これらの情報が組み合わされることで、「〇〇に住んでいて、△△に興味がある、くらいの年齢の人が好きそうな広告」といった形で、よりあなたに「ぴったり」と思われる広告が表示されるのです。
「あなた向け広告」のメリットとデメリット
メリット
- 関心のある情報が得やすい: 全く興味のない広告ばかりが表示されるよりは、自分にとって役立つかもしれない、新しい商品やサービスの情報を効率的に得られることがあります。
デメリット
- プライバシーの懸念: 自分のインターネット上での行動が細かく分析され、利用されていることに抵抗を感じる方もいらっしゃるでしょう。
- 情報が偏る可能性: 自分の関心に沿った情報ばかりが表示されることで、それ以外の情報に触れる機会が減ることも考えられます。
不安を和らげるための対策
「自分の情報が広告に使われるのは少し不安だ…」と感じた方も、ご安心ください。全く情報を利用されないようにするのは難しいですが、ある程度の対策をとり、利用され方を自分で管理することは可能です。
1. インターネット広告の設定を見直す
多くのインターネット広告を表示している会社(例えばGoogleやSNSなど)は、あなたがどんな広告を見たいか、あるいは見たくないか、といった設定を変更できる機能を提供しています。
- Googleの場合: 「Googleアカウント」の設定の中に「広告設定」という項目があります。ここで、Googleが表示するあなた向けの広告に使われる情報のカテゴリ(例えば「スポーツ」「旅行」など)を確認したり、あなた向けの広告(パーソナライズ広告)をオフにしたりすることができます。
- SNSの場合: 各SNS(Facebook、Twitterなど)の設定の中に、「広告」や「プライバシー」といった項目があります。ここで、どんな情報が広告に使われているかを確認したり、広告の表示設定を変更したりできます。
これらの設定画面は、少し分かりにくい場所にあることもありますが、「〇〇(サービス名) 広告設定」といった言葉でインターネット検索してみると、設定方法を解説したページが見つかることが多いです。
2. ウェブサイトを閲覧した履歴(Cookie)について知る
多くのウェブサイトは「Cookie(クッキー)」という小さな情報をお使いのパソコンやスマートフォンに一時的に保存します。このCookieが、あなたがどのサイトを見たか、どんな商品を買い物カゴに入れたか、といった情報を記憶し、その後の広告表示などに使われることがあります。
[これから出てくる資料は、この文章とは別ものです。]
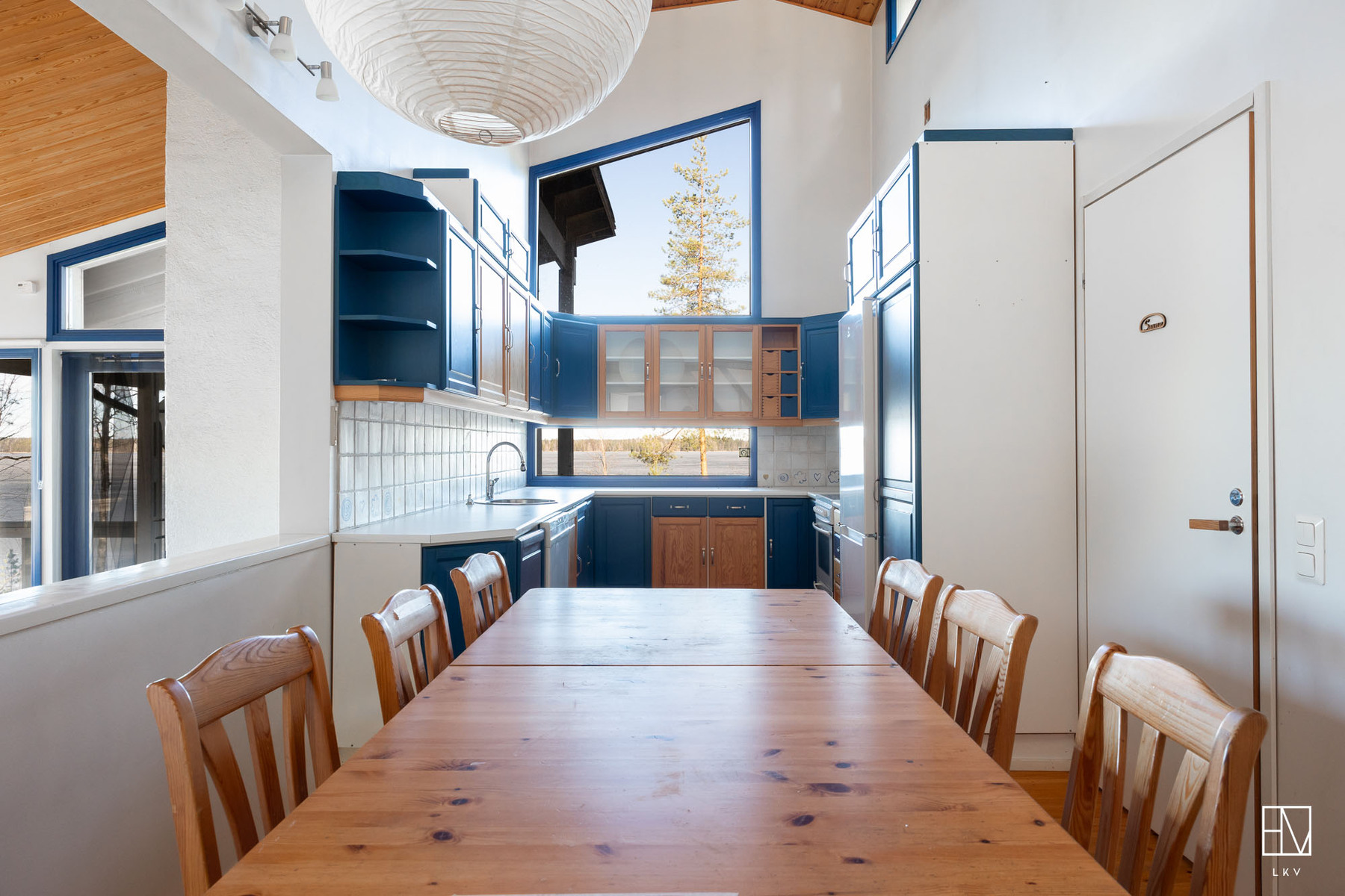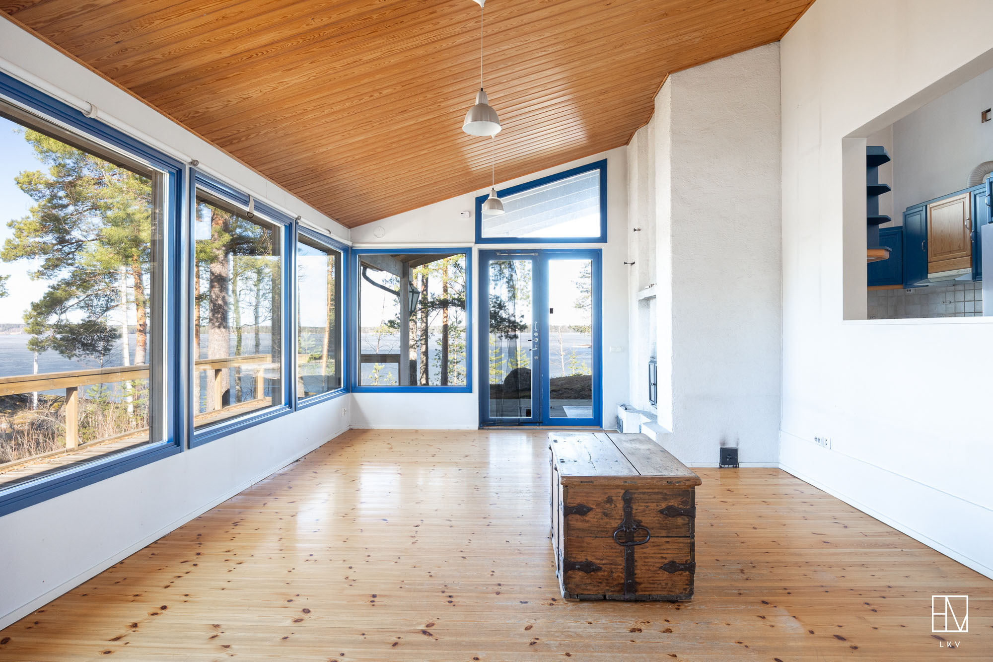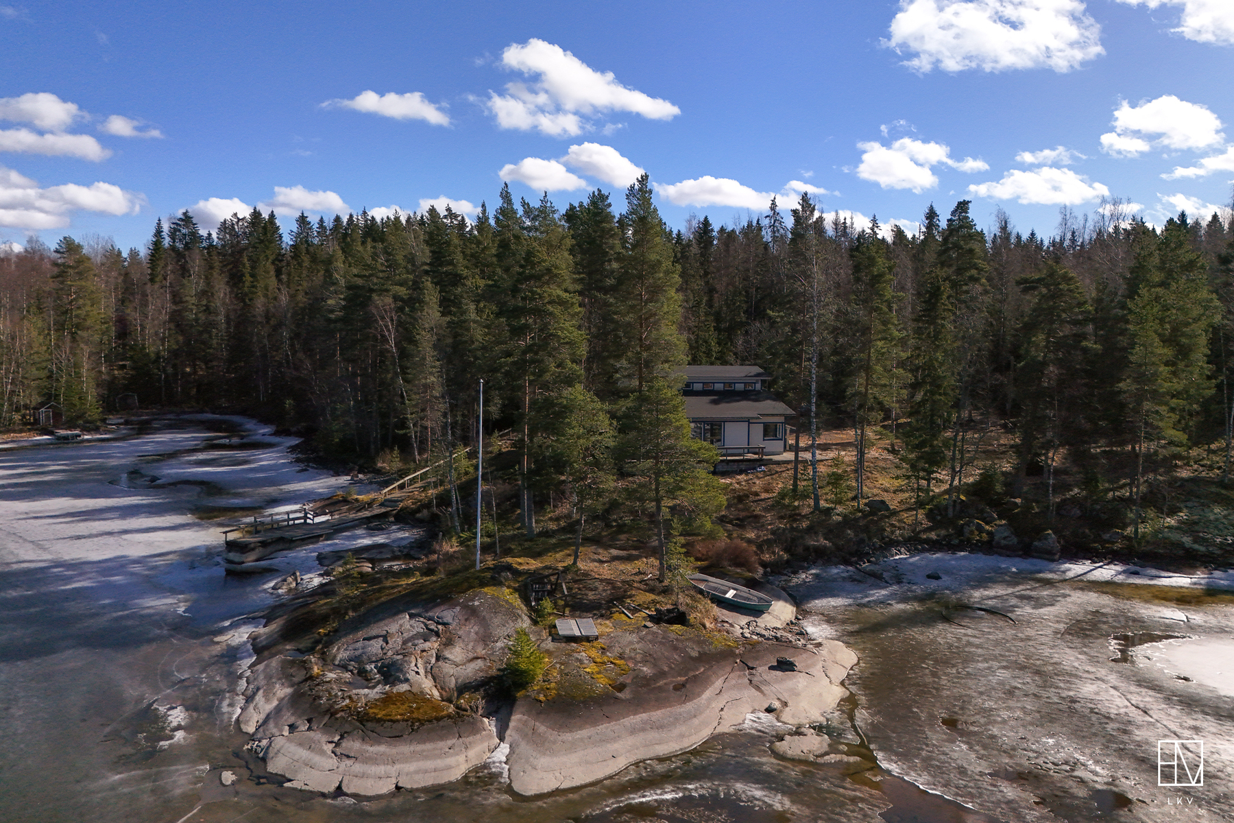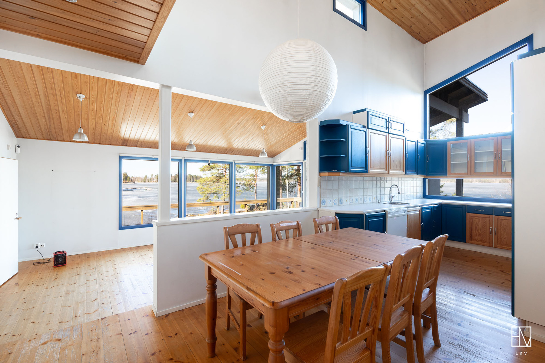 Kokonaisuus on toimiva ja viihtyisä: kaksi makuuhuonetta, tilava parvi, avara olohuone, iso keittiö sekä tunnelmaa luovat takat niin sisällä kuin terassillakin. Lisäksi perinteinen puusauna kruunaa mökkielämän.

ブラウザ(インターネットを見るためのソフト)の設定で、Cookieの受け入れを制限したり、閉じるときに削除したりすることができます。ただし、Cookieを完全に拒否すると、一部のウェブサイトが正しく表示されなくなったり、ログイン状態が保てなくなったりすることがありますのでご注意ください。まずは、「設定」などから「プライバシー」や「閲覧履歴」といった項目を見て、どんな設定があるか確認してみるのが良いでしょう。
3. プライバシーポリシーを確認する
利用しているウェブサイトやサービスの「プライバシーポリシー」(または個人情報保護方針)には、あなたの情報がどのように収集され、利用されるかが書かれています。専門的な言葉が多いかもしれませんが、情報がどのように扱われているかを知る手がかりになります。
まとめ:知って、選んで、安心を
インターネット広告が「あなた向け」になるのは、あなたのインターネット上での行動や興味に関する情報が利用されているからです。これは、便利な面がある一方で、プライバシーについて考えさせられる機会でもあります。
大切なのは、必要以上に恐れることではなく、どのような情報がどのように使われているのかを知り、自分でコントロールできる部分があることを理解することです。今回ご紹介した広告設定の見直しや、Cookieについての知識を持つことで、インターネットをより安心して利用するための一歩を踏み出すことができます。
もし設定方法が分からなくても、無理に進める必要はありません。まずは「こんな仕組みがあるんだな」と知っておくだけでも、インターネットとの付き合い方が少し変わってくるはずです。
この情報が、皆さんのインターネット利用の安心につながれば幸いです。